Is there a way to convert the GTFS time values into standard datetime format, without splitting the hour out and then converting back to a string in the correct format, to then convert it to a datetime.

t = ['24:22:00', '24:30:00', '25:40:00', '26:27:00']
'0'+str(pd.to_numeric(t[0].split(':')[0])%24)+':'+':'.join(t[0].split(':')[1:])

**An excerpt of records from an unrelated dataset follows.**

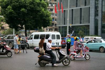 8月29日7时30分,汉口新华路与雪松路交会口的车流中,两名拍客将三角架支在马路中间,让女交警变化不同姿式,先用广角后换长焦,从远近仰俯多种角度进行拍摄。摆拍长达半小时,引起市民围观。市民对此议论纷纷:从未见过这个路口有女交警执勤,分明是摆拍做秀。既添堵,又危险。 易弦 摄 武汉市江汉区园林局 张垠 430022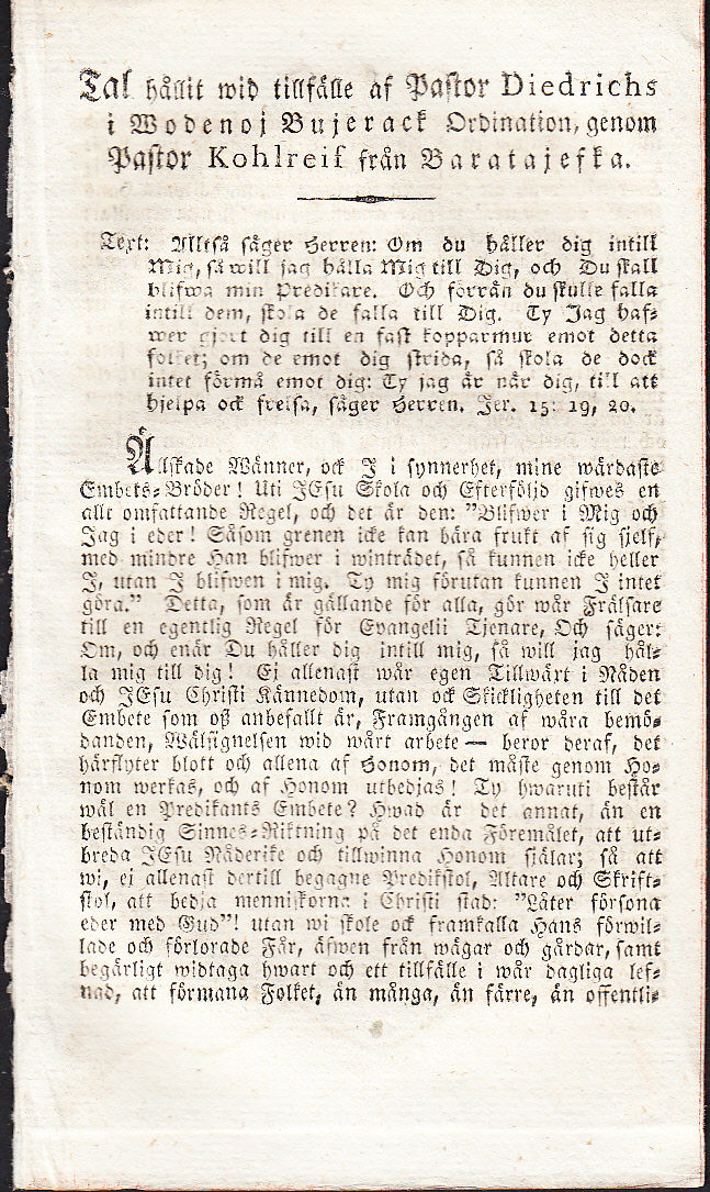 Tal hållit wid tillfälle af pastor Diedrichs i Wodenoj Bujerack ordination, genom pastor Kohlreif från Baratajeska [= rubrik].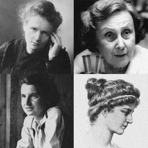 Essas mulheres são: Hipátia de Alexandria, Marie Curie, Rosalind Franklin e Bertha Lutz que, segundo o autor “sintetizam as trajetórias de inúmeras outras cientistas, como Lise Meitner (física austríaca) e Agnódice (médica na Grécia) citadas na peça, para lembrar que a insubmissão, em maior ou menor intensidade, é tão antiga quanto a submissão imposta pelo que a socióloga brasileira Heleieth Safioti chamou de o poder do macho”.
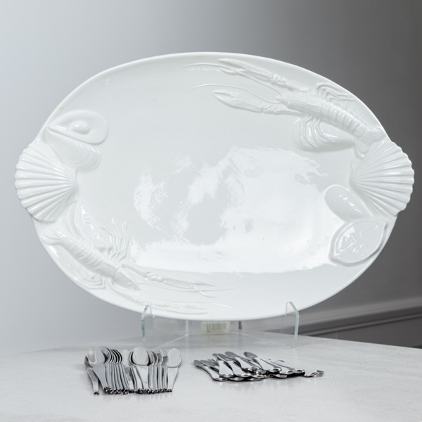 Serveringsfat för skaldjur, Italien, samt skaldjursbestick 16+18 st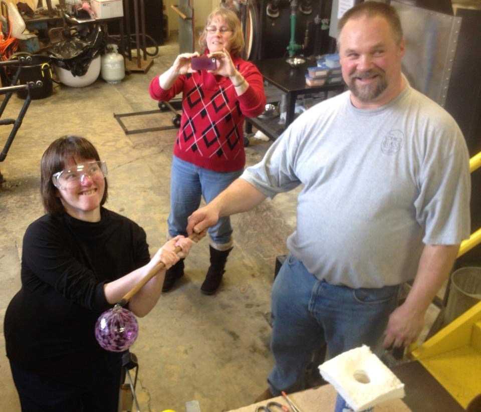 My step-daughter Becky Knicely shows off the ornament she created at the Ohio Glass Museum and Glass Blowing Studio as her mom (and my wife) Sandy Drenten takes a picture. (Credit: Ken Drenten)
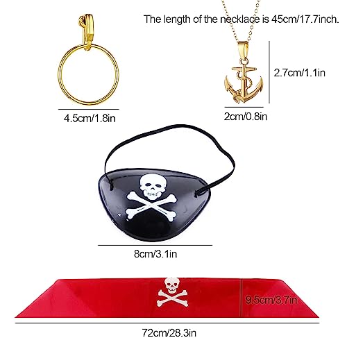 Set di costumi da pirata di valore: Gli accessori del costume da pirata includono 2 pezzi di cravatta da testa di pirata, 1 pezzo di benda da occhio da pirata, 1 pezzo di orecchino a cerchio dorato e 2 pezzi di collana a catena con ciondolo, 6 pezzi in totale, che consentono di indossarli insieme o separati per creare look diversi.
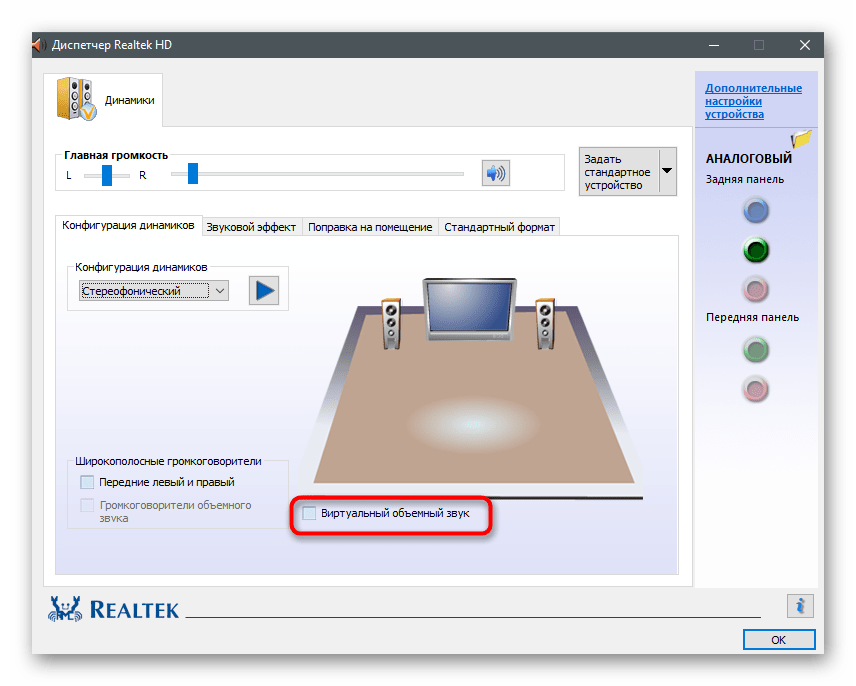 Сейчас практически все драйверы для звуковых карт поддерживают виртуальный объемный звук, который особенно полезен при игре в шутеры, где важную роль играет позиционирование врага. Однако эта функция используется и при воспроизведении фильмов или музыки, привнося новые нотки в звучание. Не все наушники корректно справляются с этой функцией, поэтому и возникает ощущение того, что одно «ухо» играет тише другого. В Диспетчере управления звуком эта возможность отключается в один клик на главной вкладке и называется «Виртуальный объемный звук».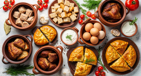Traditional georgian cuisine. Assorted pies, meat, cheese, meat, vegetables, eggs on white background. Top view.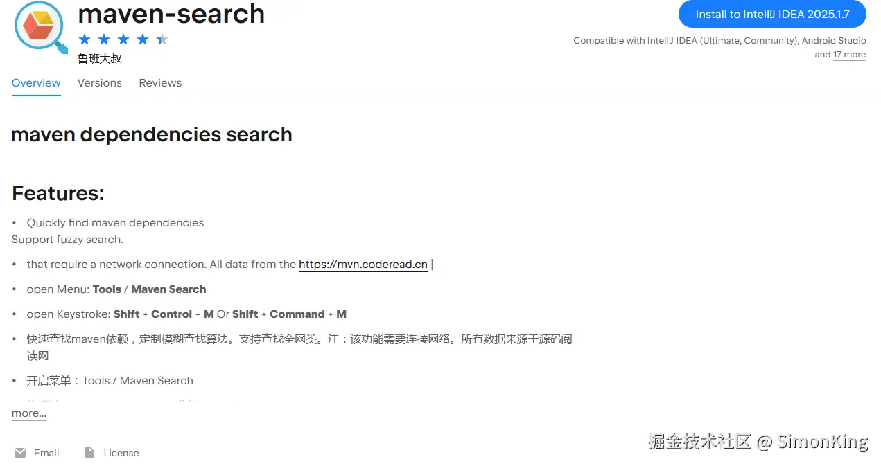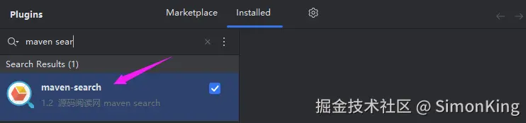 直接在 IDEA 的插件市场(Plugins)中搜索 "Maven Search" 并安装即可。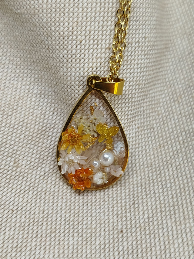 Découvrez la collection de colliers en résine UV, où de véritables fleurs séchées, des feuilles délicates, et des touches de paillettes sont encapsulées pour l'éternité.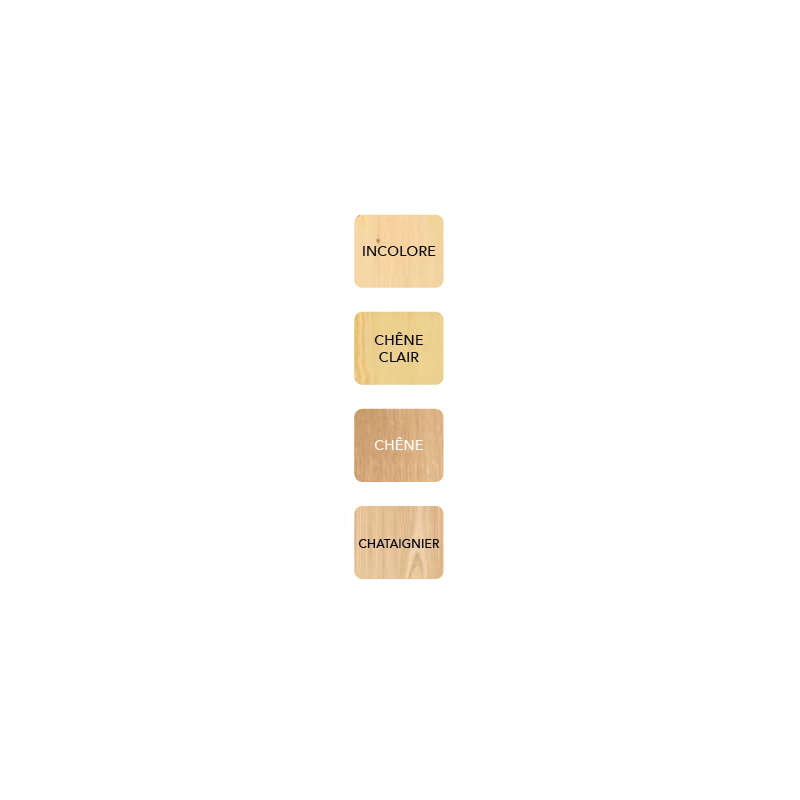 Disponible en 4 teintes : incolore, chêne clair, chêne, châtaignier.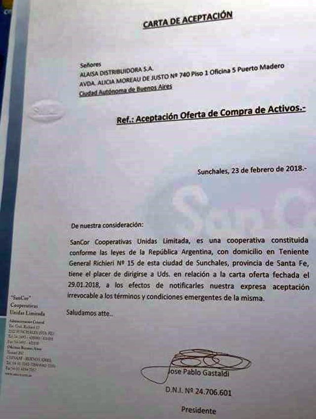 Desde Sunchales insistieron en aclarar que el acuerdo es solo por Brinkmann y nada tiene que ver con lo publicado en algunos medios sobre que este grupo español pasaría a controlar la Cooperativa haciéndose cargo de la deuda.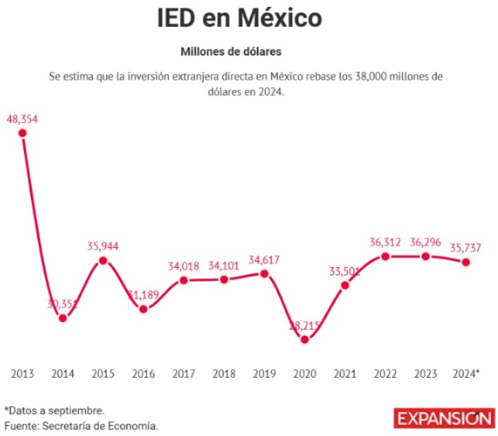 En cuanto a la inversión extranjera directa (IED), el Comce anticipa que alcanzará los 39,324 millones de dólares en 2025, un ligero incremento respecto a los 38,411 millones proyectados para 2024. Sin embargo, los empresarios del comercio exterior ven potencial para que la IED llegue a 48,000 millones de dólares en los próximos dos años.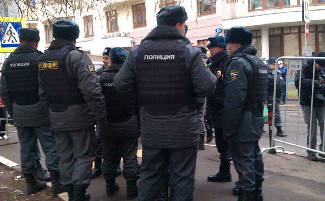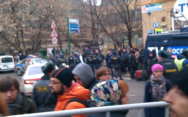 Полиция у Замоскворецкого суда Надо сказать, что к суду пытался прорваться и сам Дмитрий Демушкин, но правоохранительные органы не позволили ему это сделать. Кроме того, до начала заседания из здания вывели другого националиста - Георгия Боровикова. Судя по видео, размещенному в сети, он теперь лично знаком с отцом Агафонова.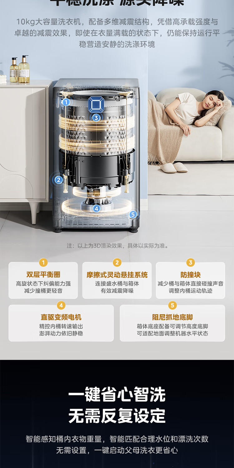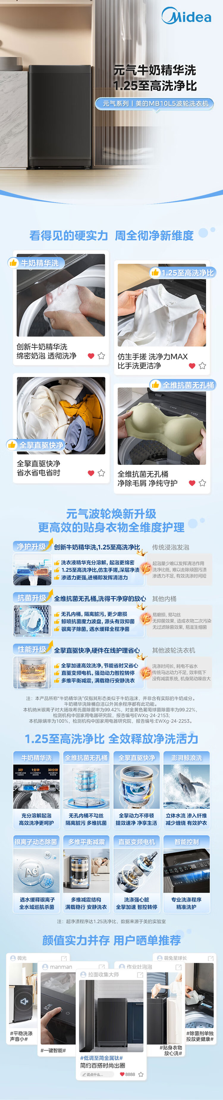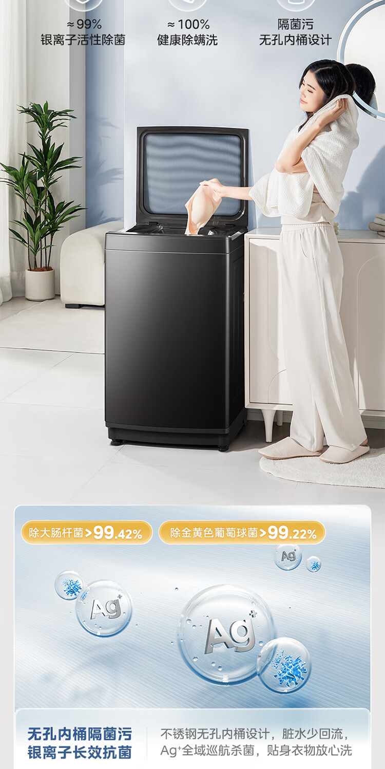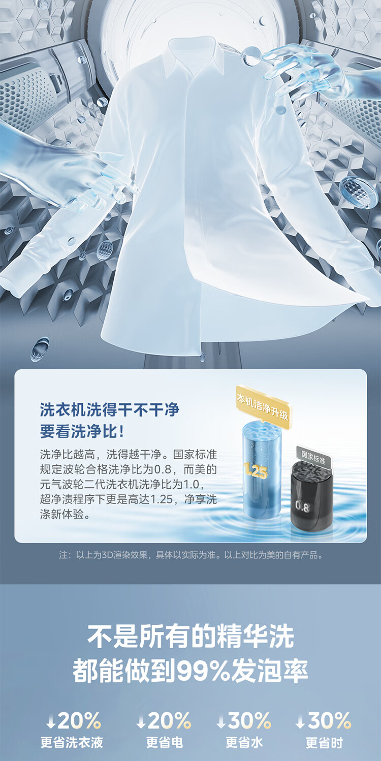 美的(Midea)元气 波轮洗衣机全自动家用 10公斤变频 1.25洗净比 MB10L5 以旧换新 国家补贴 京东自营官方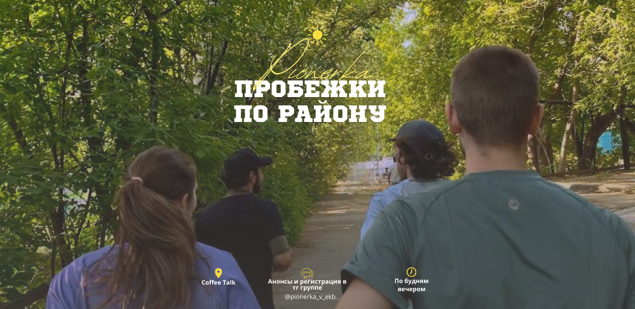 Отмечайтесь в тг канале или регистрирйтесь здесь, чтобы группа случайно не побежала без вас https://t.me/pionerka_v_ekb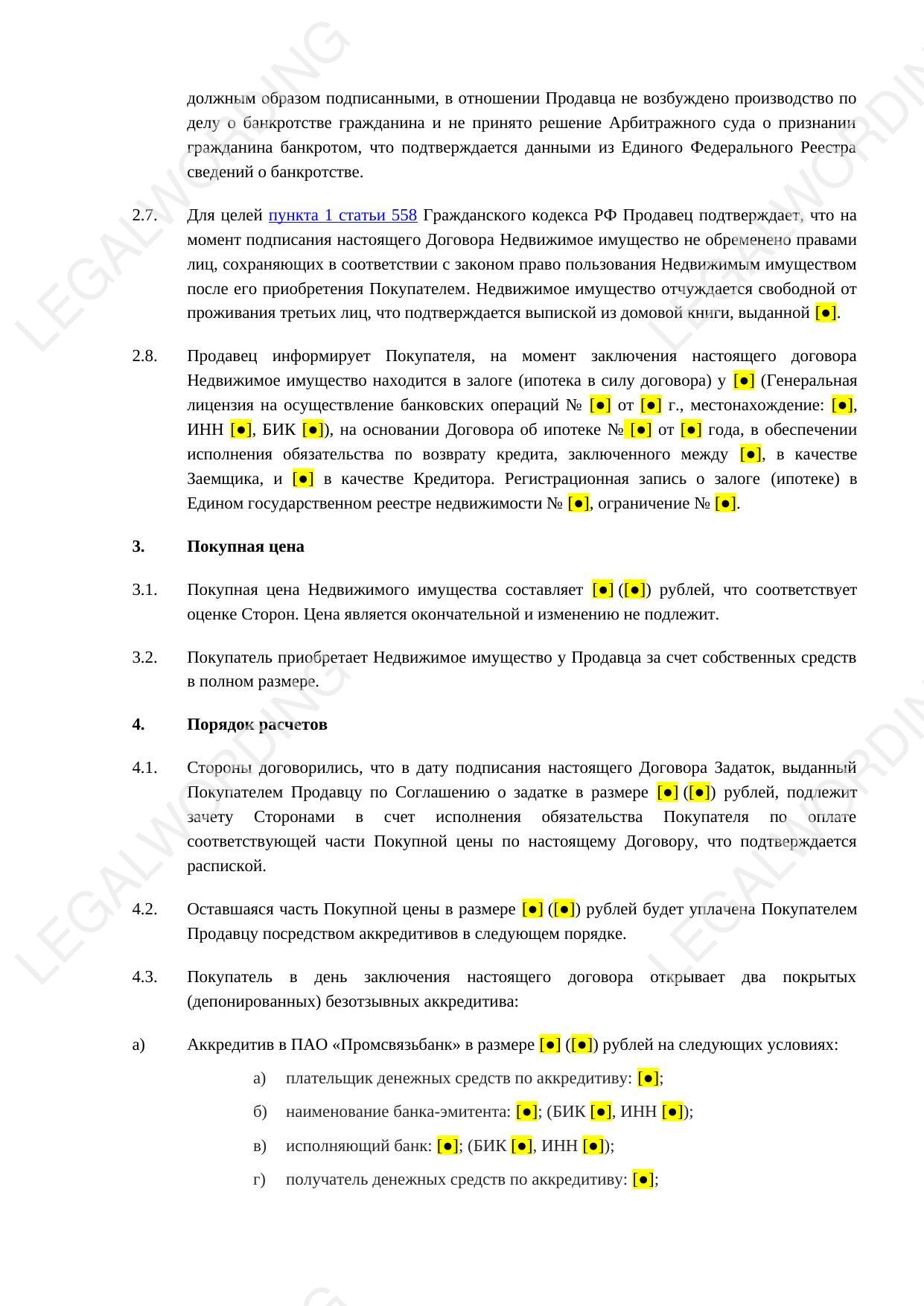(ii) аккредитив 2 открывается продавцу после выплаты продавцом кредита банку и снятия обременения в виде ипотеки в определенный договором срок.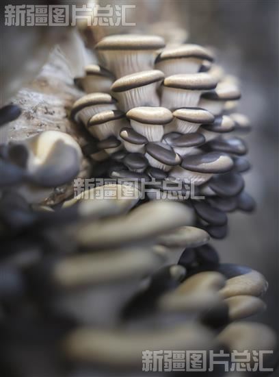 新源县别斯托别乡食用菌大棚基地种植的平菇长势喜人(2023年11月28日摄)。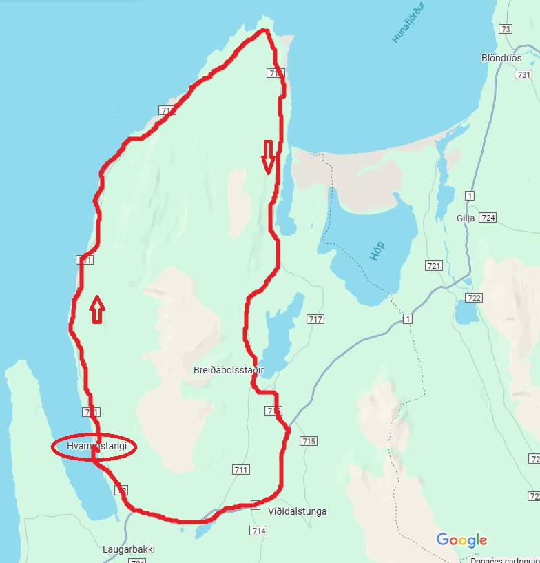 Le long retour passera par la N61 pour rejoindre la N68 et le Steingrimsfjordur situé à l’est, en face de la petite ville de Drangsnes. Cette route rejoint la N1 bien au sud en contournant deux fjords dont les sorties se font par des rampes bien raides aisément franchies par notre Duster.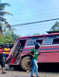 ஒரே திசையில் பயணித்த முச்சக்கரவண்டி ஒன்று திடீரென வலது பக்கம் நோக்கி திரும்ப முற்பட்டதில் பேருந்து வீதியை விட்டு விலகி சுவரில் மோதுண்டு விபத்திற்குள்ளாகியுள்ளது.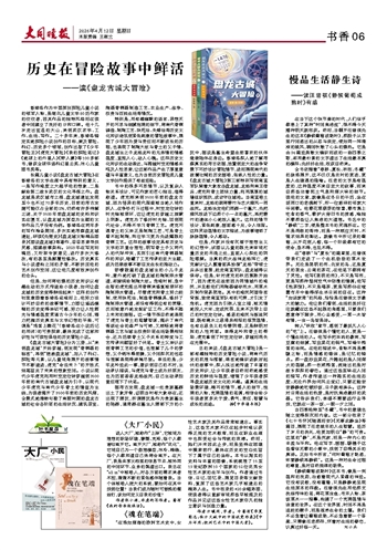 总的来说,《盘龙古城大冒险》是一部有趣独特的历史冒险小说,将商代历史的肌理与褶皱,绵密地编织进跌宕起伏的故事中,深入浅出地传递了丰富的历史知识,让少年读者自然而然地感受历史的鲜活与温度,增强了少年读者探寻盘龙城历史文化的兴趣。逼真的生活场景环境,精巧的情节,感人的细节,饱满的人物,充满温情的笔调,相信会给少年读者更多关于爱、勇气、责任、智慧与成长的启迪。 据《中华读书报》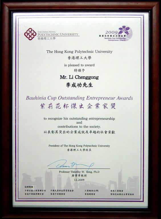 “2009中國(guó)十大誠(chéng)信企業(yè)家”榮譽(yù)證書(shū)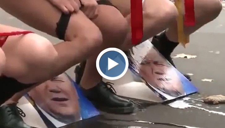 Активистки от Фемен публично уринираха върху портрета на Янукович в Париж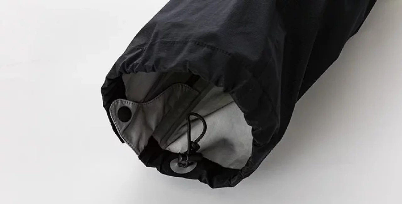裾部分には、裾を絞れるスナップ付きです。ジャストサイズに調整することで、雨の侵入や風によるバタつきを押さえます。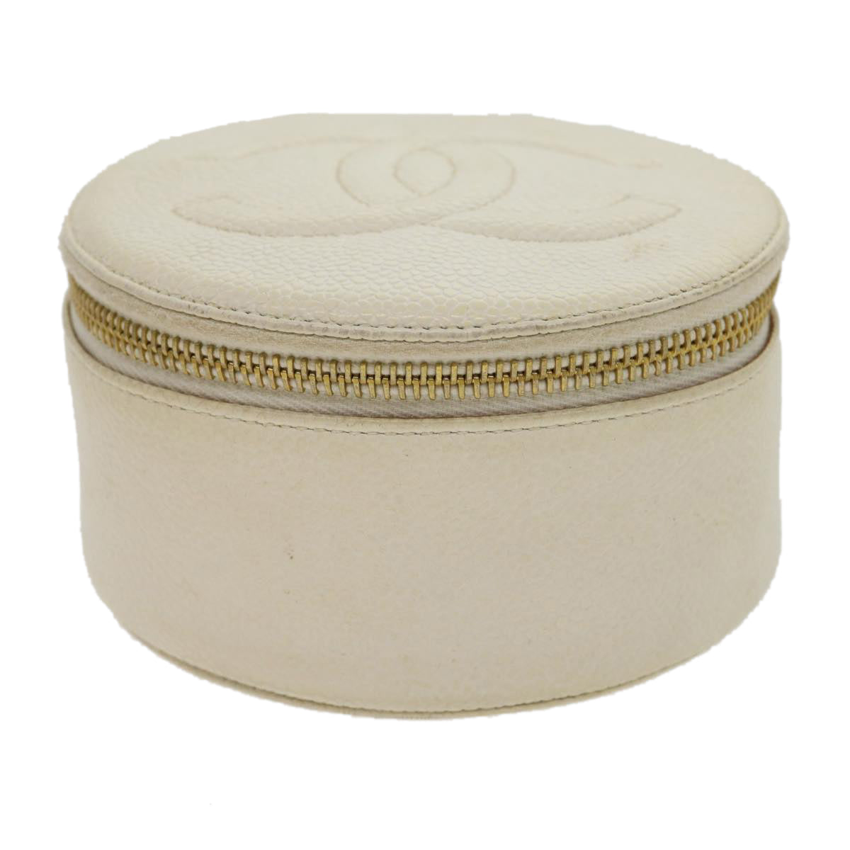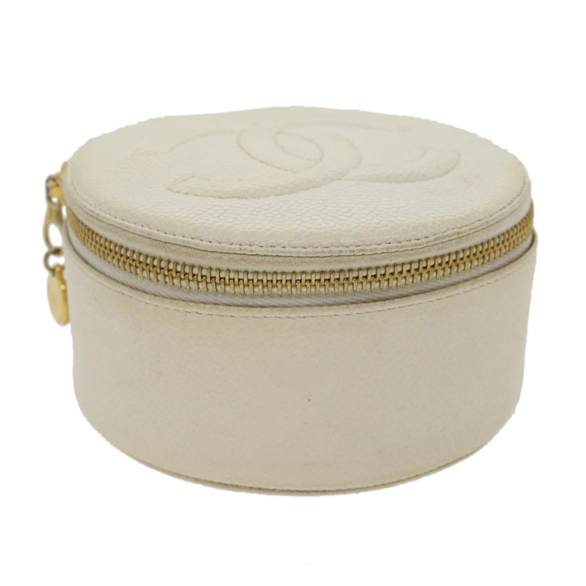CHANEL Accessory Case Caviar Skin White CC am2700gA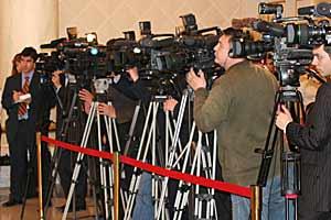 Journalists wait for a news conference with the OSCE Chairman-in-Office, Spanish Foreign Minister Miguel Angel Moratinos, at the Presidential Palace in Astana, on 10 April 2007.

For the above examples, i would expect to just see

['00:22:00', '00:30:00', '01:40:00', '02:27:00']
theotheraussie
  • 495
  • 1
  • 4
  • 14

2 Answers2

2
from datetime import datetime, timedelta

def gtfs_time_to_datetime(gtfs_date, gtfs_time):
    hours, minutes, seconds = tuple(
        int(token) for token in gtfs_time.split(":")
    )
    return (
        datetime.strptime(gtfs_date, "%Y%m%d") + timedelta(
           hours=hours, minutes=minutes, seconds=seconds
        )
    )

gives the following result

>>> gtfs_time_to_datetime("20191031", "24:22:00")
datetime.datetime(2019, 11, 1, 0, 22)
>>> gtfs_time_to_datetime("20191031", "24:22:00").time().isoformat()
'00:22:00'

>>> t = ['24:22:00', '24:30:00', '25:40:00', '26:27:00']
>>> [ gtfs_time_to_datetime("20191031", tt).time().isoformat() for tt in t]
['00:22:00', '00:30:00', '01:40:00', '02:27:00']
jbernardes
  • 106
  • 5
0

I didn't find an easy way, so i just wrote a function to do it.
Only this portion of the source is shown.